In recent years, organizations have been caught off guard by economic volatility, unexpected political events, natural disasters, and disruptive innovations. In response, the authors note, executives are showing a new interest in scenario planning. Rather than tying their company’s future to a strategy geared to one set of events, executives are coming to the view that smart management benefits from a richer understanding of the present possibilities afforded from multiple views about possible futures.
Scenario planning came to prominence following World War II and gained recognition in the corporate world in the late 1960s and early 1970s. While several different approaches to scenario planning have emerged since then, this article focuses specifically on the Oxford scenario planning approach. Rather than taking a probabilistic stance (that is, making predictions in percentage terms or as best-case/worst-case
scenarios) or a normative stance (that is, envisioning what a future should look like), the Oxford scenario methodology is based on plausibility. By recognizing the part of uncertainty that is unpredictable and by actively exploring the sources of the turbulence and uncertainty, the goal is to iteratively and interactively generate new knowledge and insights to help organizations reperceive their circumstances.
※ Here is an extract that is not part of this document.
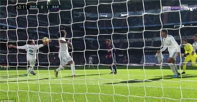 Chỉ 10 phút sau, Carvajal dùng tay cản bóng trong vòng cấm nhận thẻ đỏ trực tiếp rời sân, kèm theo đó là quả phạt đền cho gã khổng lồ xứ Catalan.

During periods of turbulence, unpredictable uncertainty, novelty, and ambiguity (what the authors refer to as TUNA conditions), organizations frequently experience serious challenges that threaten existing value chains, communities, and even whole fields of endeavor. Such conditions can be unsettling and destabilizing on many different levels. A core feature in the Oxford scenario planning approach is making a distinction between the immediate business environment an organization inhabits (where business transactions take place) and the broader environment, or context, in which it operates.
Different organizations go about scenario planning in different ways — there is no cookie-cutter methodology, the authors write. This article examines two cases. The first case involves Rolls-Royce plc, a leading supplier of power systems for aircraft and the marine and energy markets; the second case looks at the Royal Society of Chemistry, a London, U.K.-based international organization involved in advancing the field of chemical sciences. In addition to showing how these organizations used scenario planning, the authors discuss the challenges and opportunities of scenario planning more broadly.